Given a database of n objects and k, the number of clusters to generate, assign the objects into k partitions (k <= n), where each partition represents one cluster.
The k-means algorithm is one of a group of algorithms called partitioning methods. The problem of partitional clustering can be formally stated as follows: Given n objects in a m-dimensional metric space, determine a partition of the objects into k groups, or clusters, such that the objects in a cluster are more similar to each other than to objects in different clusters. Recall that a partition divides a set into disjoint parts that together include all members of the set. The value of k may or may not be specified and a clustering criterion, typically the squared-error criterion, must be adopted.
The solution to this problem is straightforward. Select a clustering criterion, then for each data object select the cluster that optimizes the criterion. The k-means algorithm initializes k clusters by arbitrarily selecting one object to represent each cluster. Each of the remaining objects are assigned to a cluster and the clustering criterion is used to calculate the cluster mean. These means are used as the new cluster points and each object is reassigned to the cluster that it is most similar to. This continues until there is no longer a change when the clusters are recalculated. The algorithm is shown below.
k-means Algorithm:
1. Select k clusters arbitrarily.
2. Initialize cluster centers with those k clusters.
3. Do loop
a. Partition by assigning or reassigning all data objects to their closest cluster center.
b. Compute new cluster centers as mean value of the objects in each cluster.
Until no change in cluster center calculation
Figure 1: Sample Data
Example: Suppose we are given the data in Figure 1 as input and we choose k = 2 and the Manhattan distance function d = |x2 − x1| + |y2 − y1|. The detailed computation is as follows:
Step 1. Initialize k partitions. An initial partition can be formed by first specifying a set of k seed points. The seed points could be the first k objects or k objects chosen randomly from the input objects. We choose the first two objects as seed points and initialize the clusters as K1={(0,0)} and K2={(0,1)}.
Step 2. Since there is only one point in each cluster, that point is the cluster center.
Step 3a. Calculate the distance between each object and each cluster center, assigning the object to the closest cluster.
For example, for the third object:
d(1,3) = |1 − 0| + |1 − 0| = 2 and
d(2,3) = |1 − 0| + |1 − 1| = 1,
so this object is assigned to K2.
The fifth object is equidistant from both clusters, so we arbitrarily assign it to K1.
After calculating the distance for all points, the clusters contain the following objects:
K1 = {(0,0),(1,0),(0.5,0.5)} and
K2 = {(0,1),(1,1),(5,5),(5,6),(6,6),(6,5),(5.5,5.5)}.
Step 3b. Compute new cluster center for each cluster.
New center for K1 is C1 = (0.5,0.16)
(0+1+0.5)/3 = 0.5
(0+0+0.5)/3 = 0.16
New center for K2 is C2 = (4.1,4.2)
(0+1+5+5+6+6+5.5)/7 = 4.1
(1+1+5+5+6+6+5.5)/7 = 4.2
Step 3a'. New centers C1 = (0.5,0.16) and C2 = (4.1,4.2) differ from old centers C1 = (0,0) and C2 = (0,1), so the loop is repeated.

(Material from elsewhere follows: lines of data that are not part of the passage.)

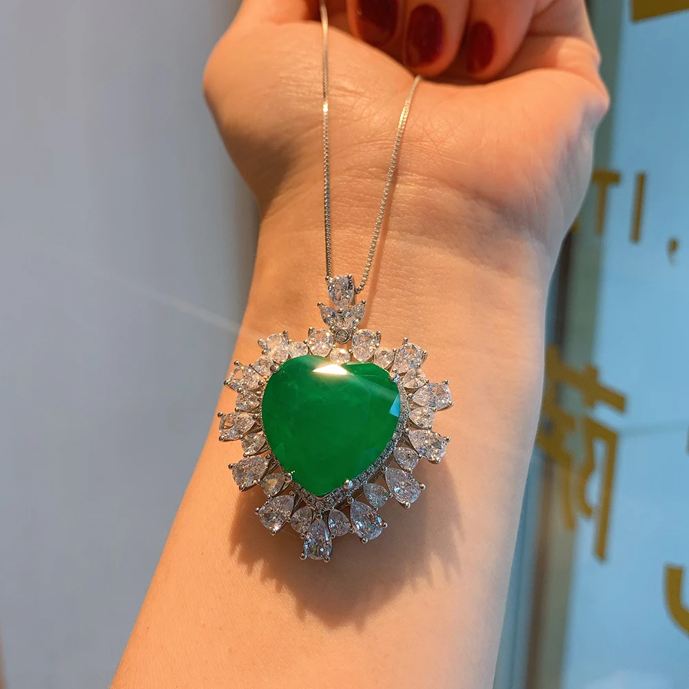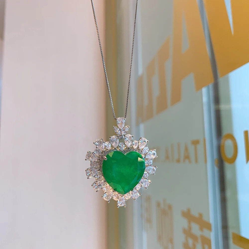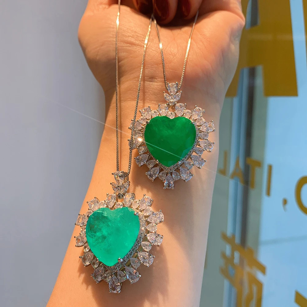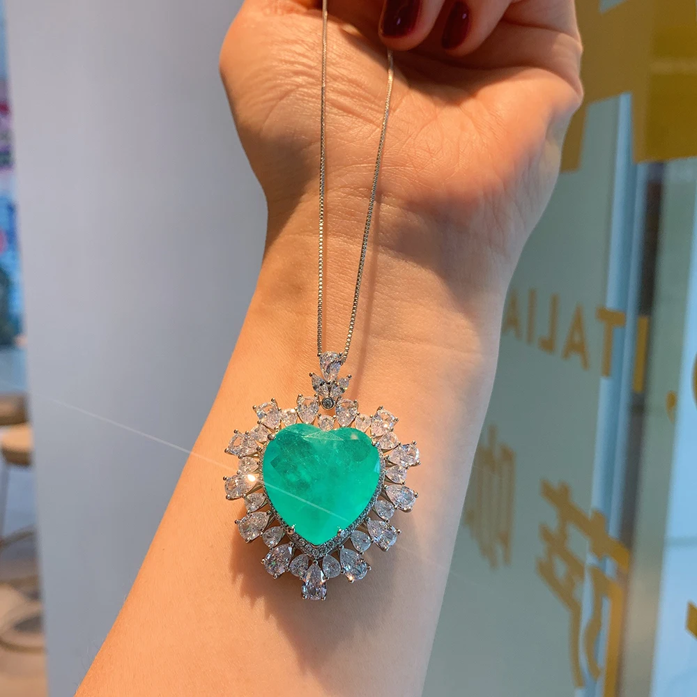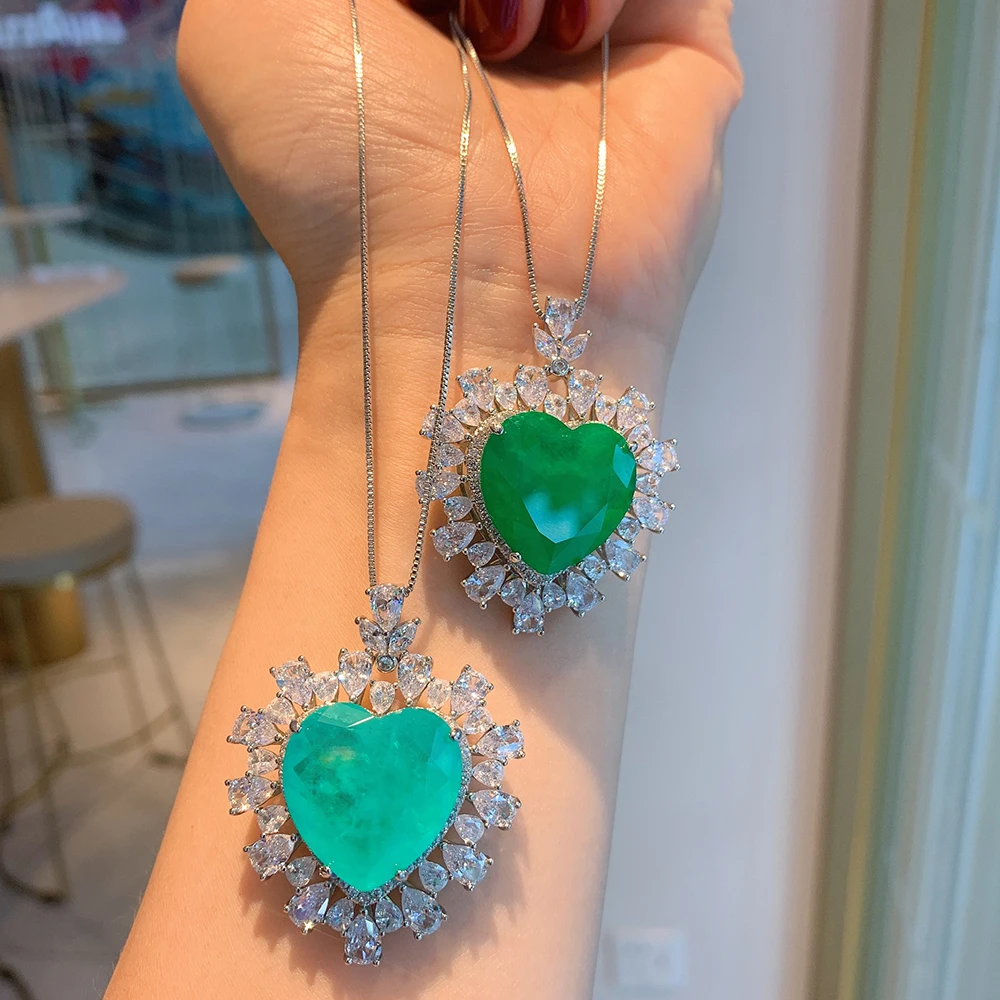 Charms 20*20mm Hear-Shaped Paraiba Tourmaline Emerald Lab Diamond Gemstone Pendant Necklace for Women Wedding Party Fine Jewelry
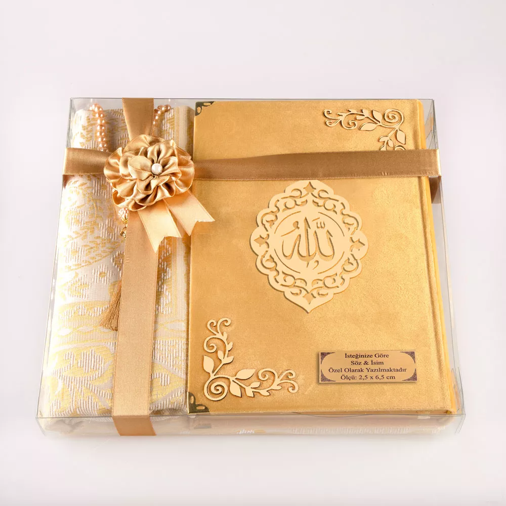 Seccade + Tesbih + Kuran Hediye Seti (Çanta Boy, Kadife, Gold, Lafzatullah)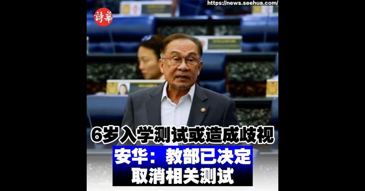 (吉隆坡27日讯)首相拿督斯里安华表示,政府考虑到对6岁儿童进行入读小学一年级的诊断性测试可能造成歧视问题,因此教育部已决定取消相关测试。

Reassign the ten objects to the closest cluster center, resulting in:
K1 = {(0,0),(0,1),(1,1),(1,0),(0.5,0.5)}
K2 = {(5,5),(5,6),(6,6),(6,5),(5.5,5.5)}
Step 3b'. Compute new cluster center for each cluster
New center for K1 is C1 = (0.5,0.5)
New center for K2 is C2 = (5.5,5.5)
Step 3a''. New centers C1 = (0.5,0.5) and C2 = (5.5,5.5) differ from old centers C1 = (0.5,0.16) and C2 = (4.1,4.2), so the loop is repeated.

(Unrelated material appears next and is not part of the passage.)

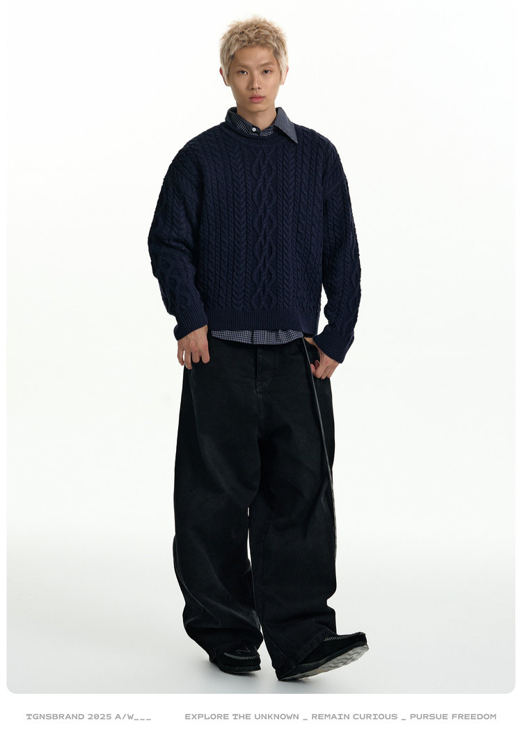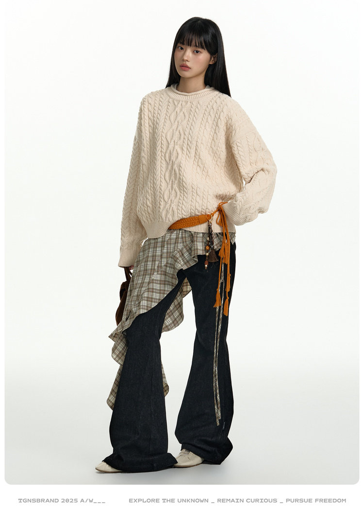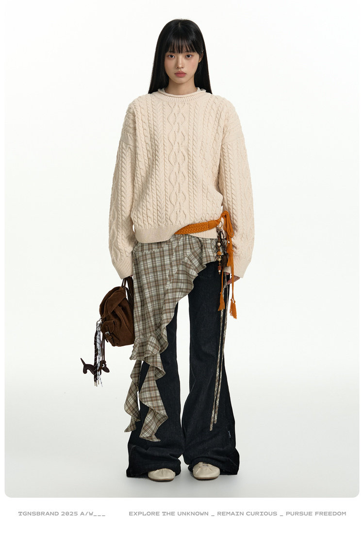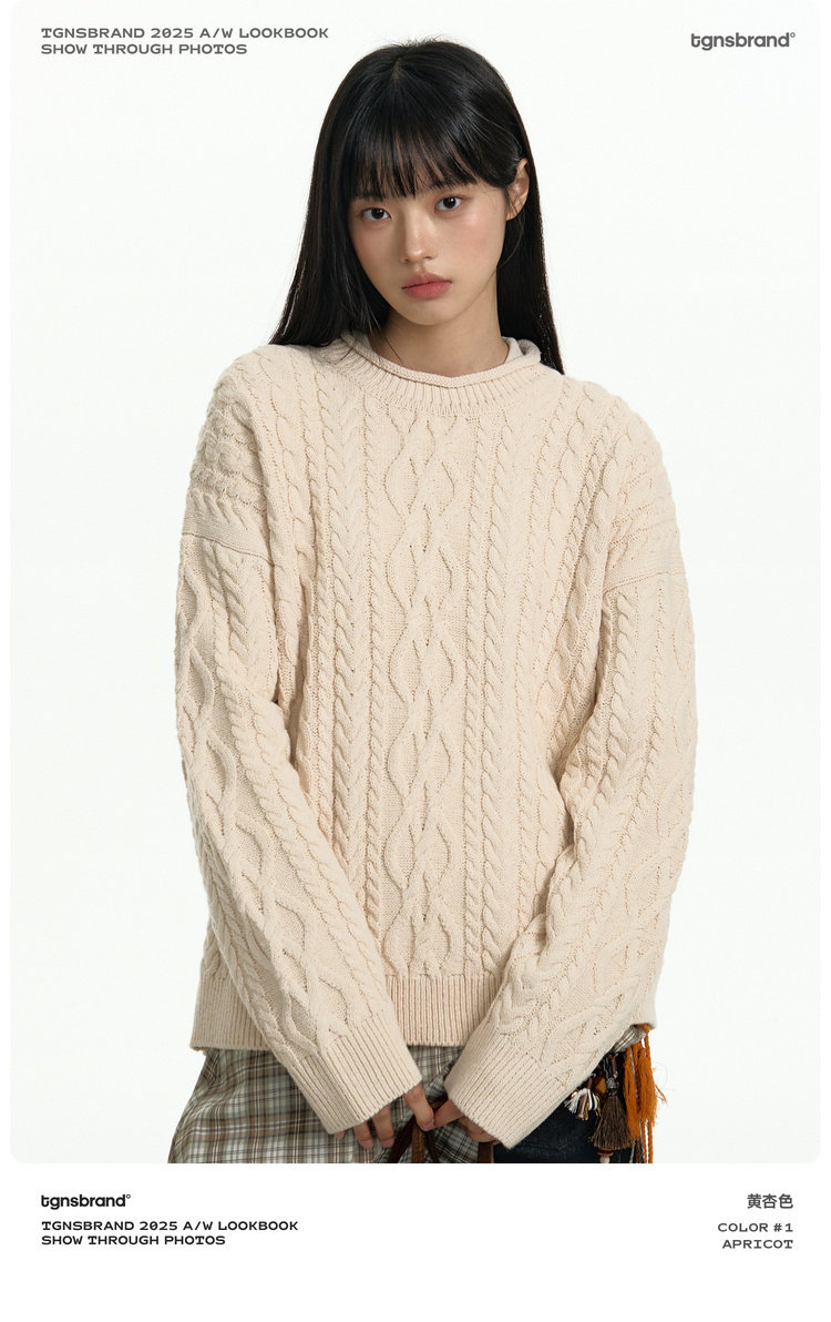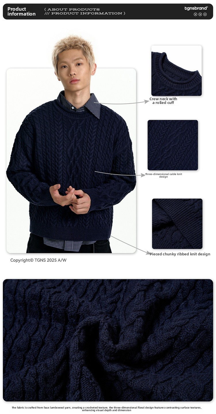 TGNS Vintage Loose Casual Crew Neck Pullover

Reassign the ten objects to the closest cluster center. Result is same as in Step 3a'.
Step 3b''. Compute new cluster centers.
Algorithm is done: Centers are the same as in Step 3b', so algorithm is finished. Result is same as in 3b'.
The k-means method assigns objects into clusters so that the resulting intra-cluster similarity is high, but the inter-cluster similarity is low.

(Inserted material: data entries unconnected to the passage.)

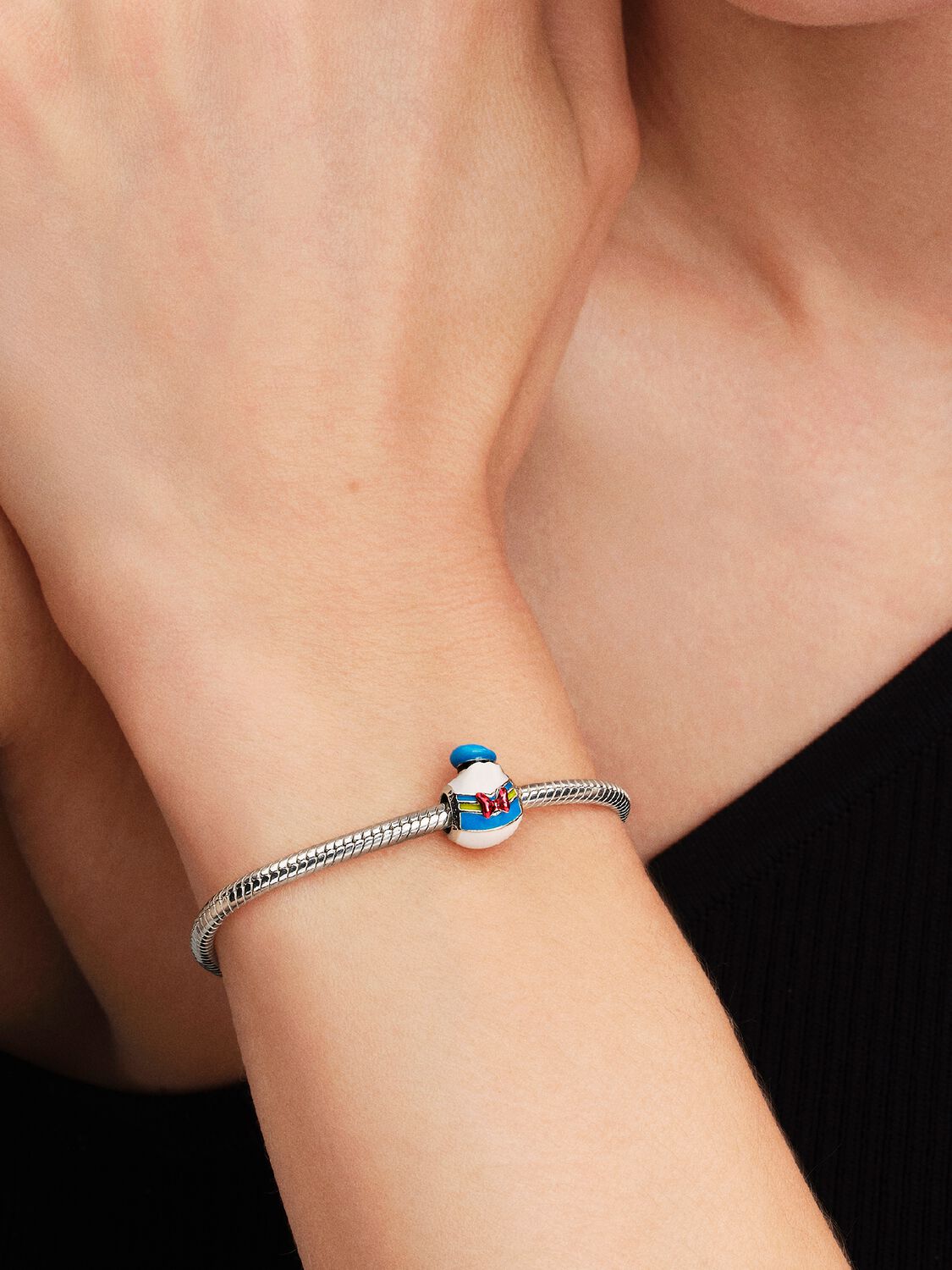 - مناسب برای دستبندهای رنگی یا نقرهای جهت برجسته شدن مینای آبی دونالد.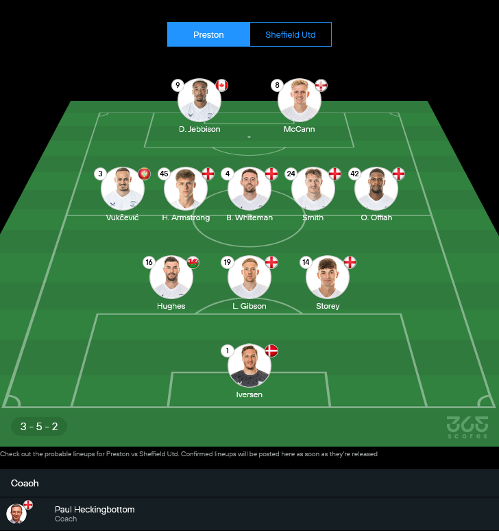 พอล เฮคกิ้งบ็อตท่อม ยังไร้กลุ่มเดี้ยงชุดเดิมอย่าง วิลล์ คีน, ร็อบบี้ เบรดี้, จอร์แดน ธอมป์สัน และ จอช เซียรี่ คาดใช้ 3-5-2 เน้นแพ็กหลังสามและสอดขึ้นเกมด้านกว้าง ตัวตัดเกมวางใจ เบน ไวท์แมน ส่วนคู่หน้าใช้สปีดและพละกำลังลุยแผงหลังดาบคู่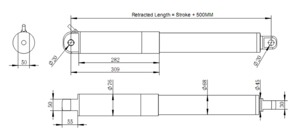 • Minimum size: travel/2+ 550MM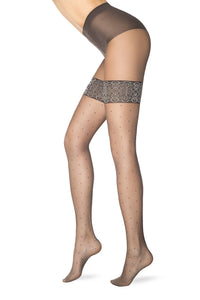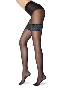 Conte Passage 20 Den tights deliver sophisticated elegance with their delicate 20 denier construction, offering a sheer, barely-there aesthetic that complements any ensemble. The reinforced "shorts" torso provides essential support and comfort throughout the day, while the innovative stocking imitation design features a charming dot pattern distributed across the entire leg—creating the appearance of classic stockings without the need for garters or clips. Crafted with precision, these tights showcase a flat seam construction that ensures a seamless silhouette under fitted clothing, while the mélange elastic maintains shape and durability. The cotton gusset prioritizes comfort and breathability, making them suitable for extended wear. The Fantasy Polka Dots pattern adds a playful yet refined touch, allowing you to express personal style while maintaining a polished appearance. Ideal for those seeking the timeless appeal of stockings with the convenience and comfort of modern hosiery.

The k-means method (a centroid-based approach)
Algorithm: k-Means
Input: k = the number of clusters to generate
D = a set of n instances of the form (p1, p2, …, pm), where each pu represents a coordinate in a m-dimensional space
Output: K = a set of k clusters
Method:
1. arbitrarily choose k instances as the initial centroids
2. repeat
3. assign each remaining instance to the cluster Ka to which it is most similar (i.e., to the same cluster as the centroid to which it is closest)
4. determine the new centroid for each cluster Ka based upon the instances currently assigned to Ka
5. until no change in the centroid of each Ka from the previous iteration of the loop
Advantages of k-means clustering:
· The method is relatively scalable and efficient in processing large datasets and has computational complexity of O(nkt), where n is the number of instances, k is the number of clusters, and t is the number of iterations.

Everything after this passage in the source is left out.